TwinStars Darbaki ends course in Brazil

By Omari Jackson

ATLANTA, GA – Sept. 08, 2009: Head soccer coach Youssef Darbaki of Minnesota Twinstars ended three weeks attachment training in Sao Paolo, Brazil, completing his dream of becoming soccer coaching instructor.

Coach Darbaki was attached to Sao Paolo FC during the first week and moved on to Paulista FC in the second week and Santos FC, soccer legend Pele’s former club, under the umbrella of Professor Thadeu Goncalves.

The course was sanctioned by FIFA, and organized by the Brazilian Football Association, and coach Darbaki was one of several coaches from Europe and Brazil who benefited from the program.

In the third week, Coach Darbaki studied method and preparation of the Brazilian national and the youth team, with emphasis on physical therapy, agility and technical development as well as the management of players, both local and international.

Also in attendance were Brazilian ex-world cup player, Ricardo, who is presently the head coach of Sao Paolo FC, and Coaches Antonio Mello and Luxemburgo, formerly of Spanish Serie A club, Real Madrid, now managing Santos FC.

Coach Darbaki, at the end of the attachment course, earned his FIFA License, which now qualifies him to organize coaching clinics throughout the world to arm coaches with skills and techniques needed for the successful managing of a national team.

His next stop will be in Canada in October, this year, where Coach Darbaki will run a two-week coaching clinic.

In a telephone interview from his base in Minnesota yesterday, Coach Darbaki said, “Youth football featured prominently during the three weeks, and I am glad that I can now help many coaches with skills and knowledge for their career.”

He said one aspect that also came up during the course was how to showcase the Brazilian soccer philosophy, “that has made Brazil more successful than many countries.”

He said he will be running soccer academies with emphasis on “foot communication,” a new philosophy that should be sweeping across the soccer world, in few years from now.

Meanwhile Coach Darbaki urged Liberian sports officials to accept his invitation to take over the national soccer team, Lone Star, that he believes, “I can develop for better results.”

He said he has been working with several Liberian soccer players in the United States, who have all encouraged him to help their country’s national team.

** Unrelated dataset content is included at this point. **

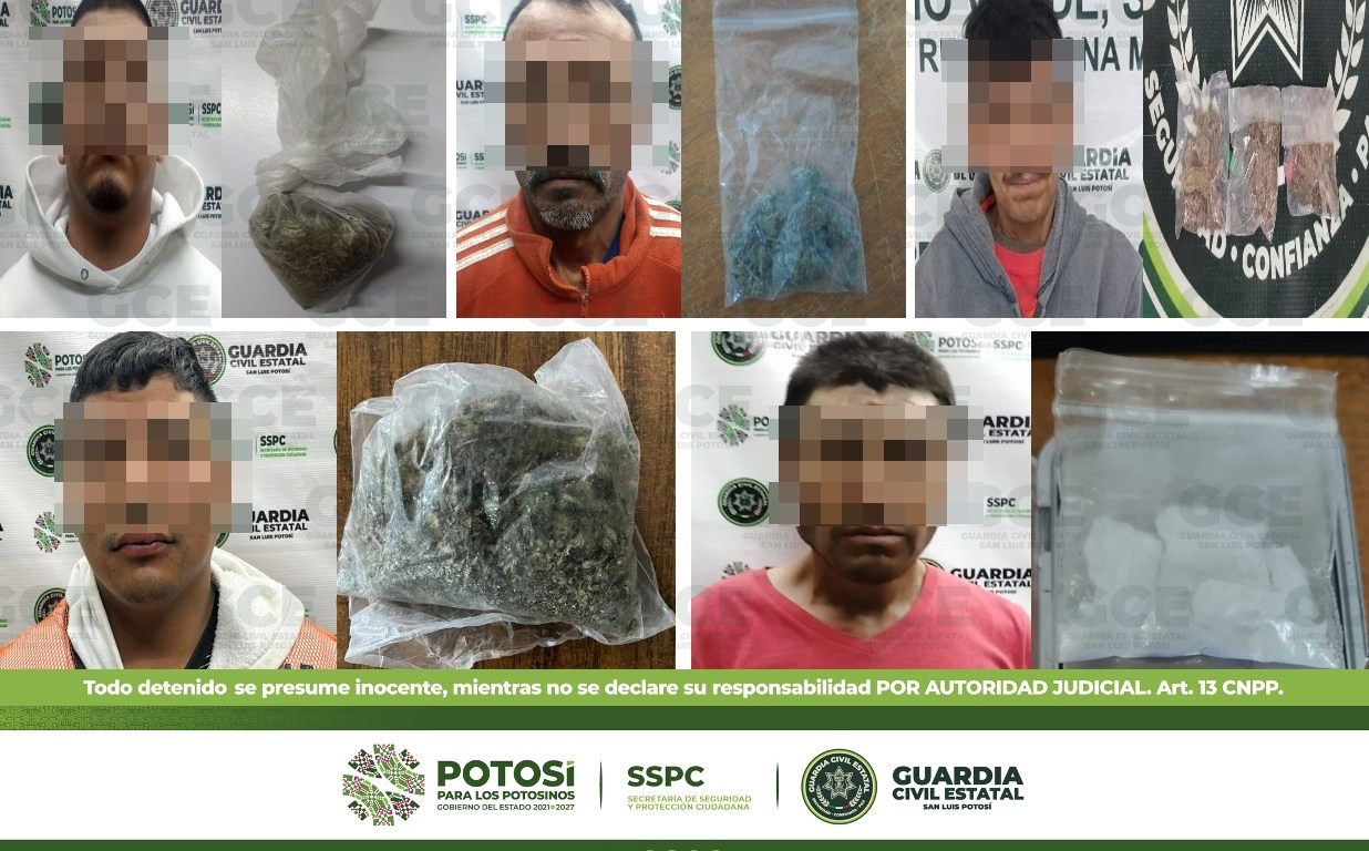 En el marco de los operativos de seguridad desdoblados en las cuatro regiones del Estado, con el fin de coadyuvar a evitar la venta y consumo de droga entre la población potosina, 9 personas fueron detenidas por la Guardia Civil Estatal (GCE) por el supuesto delito de posesión de droga.

At the time of writing, Coach Darbaki said he had submitted a letter of intent with sports officials in Monrovia, and with time permitting, he would continue to hold Liberia as a likely place to put his professional expertise in developing the national team, as well as youth teams for Liberia.

“Liberia is losing time,” he said, “to start the first step of developing a program to provide education to local coaches because they are the ones who will develop local young players. This is a formula, and with that there will be a base for the entire country.”

He spoke on the business side of sports, emphasizing that he has a wide range of experience in player placement to top clubs in Europe and the United States, as well as players pursuing their education in colleges in the United States.